Einem späteren Prozess stünde die Einrede der „res iudicata“ entgegen. Die
oft zum kantonalen Recht geäusserte Auffassung, dass einem
Summarentscheid keine volle Rechtskraft zukommen kann, ist damit überholt.
(135) Ein weiterer Vorteil liegt aber auch in den Rechtsfolgen beim Unterliegen.
Sind Sach- und Rechtslage nicht liquide, kommt es nicht etwa zur
materiellen Abweisung des Gesuches. Nein, das Gericht tritt nicht darauf ein
(Art. 257 Abs. 4 ZPO). Die Klägerin kann also ohne Nachteil immer noch den
ordentlichen Prozess beschreiten. Für die Alternative der provisorischen
Rechtsöffnung dürfte in den Fällen derartigen Nichteintretens die Beweislage
wohl etwas dünn sein. Ein geringes Restrisiko bleibt beim Gläubiger, wenn
etwa der Schuldner durch Quittung die Zahlung belegt. In diesem Beispiel ist
der Sachverhalt liquide und es ergeht ein Sachurteil, das in Rechtskraft
erwächst, wenn der unterlegen Gläubiger dagegen nicht Berufung oder
Beschwerde führt (sogleich IX).
(136) Ein dritter Vorteil liegt in der Rückdatierung der Rechtshängigkeit. Dies
ergibt sich meiner Meinung nach klar aus dem Wortlaut Art. 63 ZPO i.V.m. Art.

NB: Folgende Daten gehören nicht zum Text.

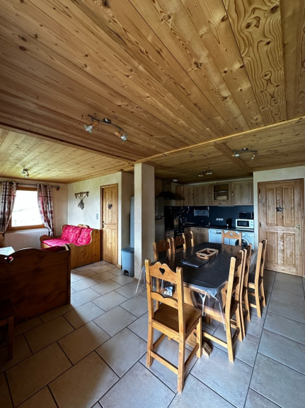 Les Fauvettes 1: affitto per 8 persone al piano terra, composto da tre camere da letto: una suite principale con un letto matrimoniale, un bagno e un WC chiuso; una camera con due letti singoli e un letto a castello; una camera con un letto matrimoniale e un letto singolo. Un grande soggiorno a forma di "L" con una cucina-sala da pranzo e una zona relax. L'appartamento è decorato in stile montano.
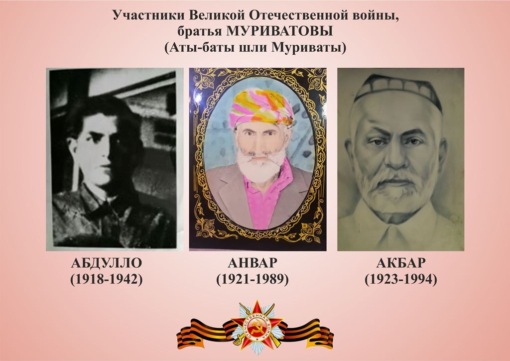 Минуло много лет, и теперь прах Анвара и Акбара – ветеранов ВОВ — покоится на малой родине, в Дарвазе. Их дети разбрелись по миру. Не исключение и автор этих строк. В течение шести лет служил и работал в Афганистане, где получил ранения. Затем младший брат, Хамид Муриватов, тоже проходил службу в Афганистане, сейчас он живет в родовом доме Муриватовых.
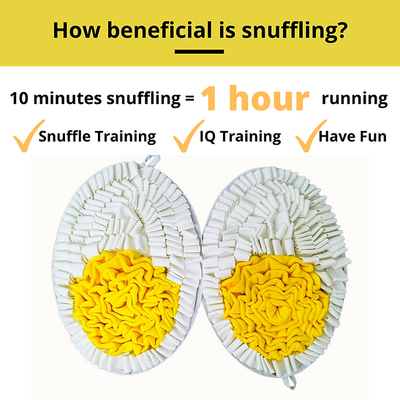 PawzNDogz presents various designs of Snuffle Mats that will keep your fur baby's brain active and stimulated ! Hide some dry food / treats in the folds of the snuffle mat / toy and watch your dog hunting them by using their "sniffing skills" to locate the tasty stuff. The soft yet durable machine-washable snuffle mats / toys have multiple level of challenges embedded in the designs to tire your pup / dog absolutely by burning their energy via sniffing. These snuffle mats not only are energy consumers and boredom-killers, but also function as slow feeding toys to prevent your dog from gulping down food in a jiffy. The slow feeding process reduces the speed of eating by 5x - 10 x and 10 minutes of snuffling is approx equivalent to 1 hour of running !

257 Abs. 3 ZPO, sofern die nicht liquide Klage innert Monatfrist erneut
eingebracht wird. Inzwischen scheint diese klare Meinung in der Lehre
allerdings umstritten (gleicher Meinung ALEXANDER BRUNNER, DOMINIK
GASSER, IVO SCHWANDER, vgl. Literaturauswahl, anderer Meinung allerdings
ohne schlüssige Erklärung THOMAS SUTTER-SOMM, FRANZ HASENBÖHLER,
CHRISTOPH LEUENBERGER, vgl. Literaturauswahl, alle zu Art. 257).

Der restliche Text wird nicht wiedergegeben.